Certainly, in the past few decades, women have made amazing strides in ascending agency career ladders in advertising, marketing, and PR. But the work that gets produced doesn’t always win friends, especially when targeted to women. As evidence, I’d like to recommend you make the BADVERTISING wing of the Jezebel web site, which is part of the same network as Gawker. It is edited by Margaret Hartmann, who regularly weighs in on questionable advertising aimed at women. Everything from fashion ads that push the envelope by using too-young models too provocatively to sell Jeggings, to Naomi Campbell being compared with a new brand of chocolate.
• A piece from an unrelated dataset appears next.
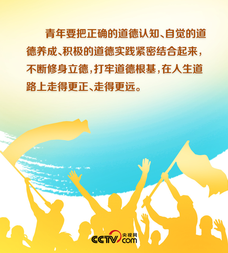 新时代中国青年要自觉树立和践行社会主义核心价值观,善于从中华民族传统美德中汲取道德滋养,从英雄人物和时代楷模的身上感受道德风范,从自身内省中提升道德修为,明大德、守公德、严私德,自觉抵制拜金主义、享乐主义、极端个人主义、历史虚无主义等错误思想,追求更有高度、更有境界、更有品位的人生,让清风正气、蓬勃朝气遍布全社会!

What specifically brought me to the site was a headline link about Yoplait yogurt pulling a TV spot that has been accused of Promoting Eating Disorders. When I visited Jezebel, I was surprised that I had seen the commercial and it had not set off alarm bells in my head. It struck me as just one more ad telling women they could enjoy great taste and still watch their caloric intake.

However, after reading the article and the comments board, I felt like I needed some sensitivity training. Eating disorders and women’s obsessions with ideal body image are not too be taken lightly. If you have a daughter or sister grappling with anorexia or bulimia, it’s a life or death matter, and you don’t need another tv ad or late night talk show monologue sending her into a tailspin.

Many people, especially in this industry, will see this as a slippery slope. When edgy gets attention, where do you draw the line at playing it safe so as not to offend anyone. Yoplait clearly saw that enough women were disturbed by the weight anxiety issues this commercial triggered to decide to voluntarily agree to stop airing it. Since we’re talking about a lot more than hurt feelings here, I believe Yoplait made the right call.

I encourage you to follow BADVERTISING. Clearly, the site’s editor, Margaret Hartmann, is knowledgeable about advertising’s impact on women and won’t allow it be for worse. “We’ve come a long way, baby” since women having their own cigarette brand — Virginia Slims — was considered an equal rights moment. But obviously, we’ve still got a very long way to go.